To develop and enhance my global awareness, I have taken on a broader perspective with respect to my major, Earth Sciences. I know that may sound odd, “broad-Earth Sciences,” and by that I mean I have taken the time to study under professors from other countries and work with students who have studied abroad. I have focused on learning the intricacies and details of how my work can carry over to other countries, and how I would go about initiating such research. Additionally, I will be traveling to Utah this summer to complete Ohio State’s Field Camp. It serves as a culmination of many major classes, and helps to develop global understanding of complex processes.
The upper-level major courses I have taken; Mineralogy, Petrology, Structural Geology, have really allowed me to grasp the level of research and creative process when it comes to the Earth Sciences. The courses have required me to create my own research poster from scratch, in addition to leading me towards my coming research in the fall.
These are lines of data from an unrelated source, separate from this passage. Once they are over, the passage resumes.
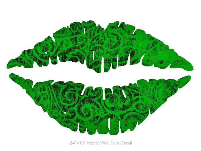 Folder Doodles Green - Kissing Lips Fabric Wall Skin Decal measures 24x15 inches
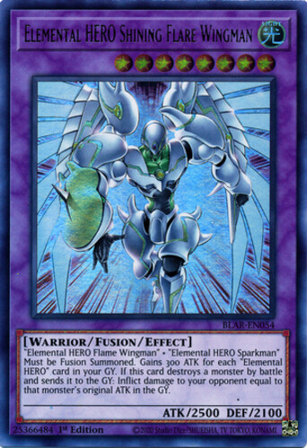 Please, carefully read the following: Image shown is a stock photo and does not reflect the actual card you will be receiving. Please refer to the condition guide below, the title and item description for what you will be receiving. Please also be aware that due to plastic shortages, orders may not always come in a plastic toploader but will always be protected as much as possible to prevent damage. You will receive 1x Elemental HERO Shining Flare Wingman - BLAR-EN054 - Ultra Rare - 1st Edition - Condition: Lightly Played Please refer to the Title and Item Description above for the item being purchased. Delivery delays: Deliveries may not always fall within the estimated delivery dates when shipping outside of Canada and USA. Many factors may contribute to delays in delivering the package such as weather and customs. Please note that delivery to international locations may take up to 8 weeks to arrive . We always ship out orders within 1 business day and after dropping off with the post office, delivery times are out of our control. Feedback: We will always leave positive feedback for you and we ask if you can do the same for us. If there is any reason why the transaction was not up to your expectations, please message us before leaving feedback so we can address the issue. Combined shipping: To receive a combined shipping quote, please make sure that you commit to purchasing on ebay.ca . This allows us to send you a combined shipping invoice before payment. Shipping within the USA (6-10 Business days): FREE! Shipping within Canada (3-8 Business days): FREE! Shipping and handling delay: We aim to ship all orders within 1 business day. We do not ship on weekends and holidays. Condition Guide: We do not sell any cards that are in MINT condition, the best condition that we offer is near mint. Near Mint (NM) - Cards in Near Mint condition show minimal to no wear from shuffling, play or handling and can have a nearly unmarked surface, crisp corners and unblemished edges outside of a few minimal flaws. A Near Mint card may have a tiny edge nick or a tiny scratch or two, but overall look nearly unplayed with no major defects or flaws. Lightly Played (LP) - Cards in Lightly Played condition may have minor border or corner wear or even just slight scuffs or scratches. There are no major defects such as water damage, bends or issues with the structural integrity of the card. Noticeable imperfections are okay, but none should be too severe or at too high a volume. Moderately Played (MP) - Cards in Moderately Played condition exhibit condition issues visible at a casual glance. Cards in Moderately Played condition can have border wear, corner wear, scratching or scuffing, creases or whitening, minor dirt buildup or any combination of mild examples of these marks. A Moderately Played card may have some form of a more major marking, such as spot water damage or creasing that doesnʼt affect card integrity, but not in combination with other issues such as scratches, scuffs or border/edge wear and not impacting a large area of the card. Heavily Played (HP) - Cards in Heavily Played condition show a severe amount of wear. Heavily Played condition can include cards that have major creasing, major whitening, major border wear or any combination of those flaws. (These flaws cannot prevent the card from being tournament playable when sleeved.) Damaged - Cards in Damaged condition can exhibit a tear, bend or crease that may make the card illegal for tournament play, even in a sleeve. Cards in Damaged condition may have extreme border wear, extreme corner wear, heavy scratching or scuffing, folds, creases or tears or other damages that impacts the structural integrity of the card.
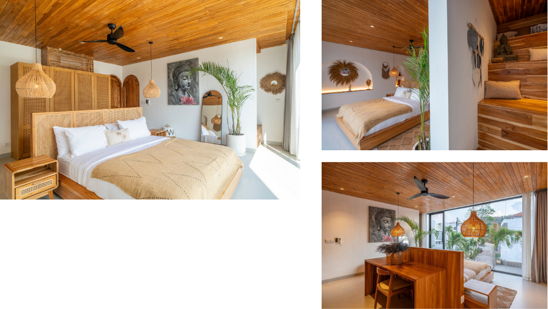 The villa built in 2024 and located in the heart of Bingin just minutes from the most important tourist locations, renowned beaches, and culinary spots. Villa Euforia by Lotus blends modernity with local Balinese charm, offering 250 square meters of space spread across three levels. The villa features a private pool, spacious living room, and a fully equipped kitchen with air conditioning and ceiling ventilation. There are two large bedrooms on different levels with King Size beds, private bathrooms, an office corner with air conditioning, safe, and ceiling ventilation.

In the next semester I will begin researching under one of the several Geophysicists in the School of Earth Sciences.
My Honors Contract demonstrates a commitment to the goal of Academic Enrichment in that it allows me to pursue my interests (Classics and Art History) while maintaining challenging and Honors-quality courses. Classical literature, arts, and civilizations have been a passion of mine, but sadly do not come up very often in the typical Structure discussion on reclined folding of strata. The Honors Contract allows me to keep taking stimulating Classics courses, and to keep considering a minor in it, all while moving towards graduation and not falling behind my target graduation term, spring of 2020.
I am an active member of Sigma Gamma Epsilon, the Earth Sciences Honorary here at Ohio State. I help set up and participate in weekly to monthly volunteer opportunities, meetings, fundraisers, etc. It has allowed me to expand my overall peer-group within my major, make connections with faculty, learn more about the School of Earth Sciences as a whole, and I now plan on pursuing a leadership position on the SGE Executive Board next spring. My involvement in SGE relates directly to my major and my career, as the organization regularly hosts panels and discussions with past graduates and professors; providing networking opportunities and a wealth of advice.
Sigma Gamma Epsilon is a service and education driven organization. Meaning that, if we are not educating prospective students or hosting panels, the group is working at a volunteer event. This spring, SGE worked College Mentors for Kids; teaching middle school students about the water cycle, rock cycle, fossils, etc, took part in Clean Up Columbus; cleaning up trash and recyclables from the streets surrounding OSU’s campus, spent weekends painting and cleaning up the poster display cases in Mendenhall Lab, the building which houses the School of Earth Sciences, and hosts weekly Coffee Hour, a continuous fundraiser that goes towards scholarships for SGE members who are going to Ohio State’s Field Camp in Ephraim, Utah this summer.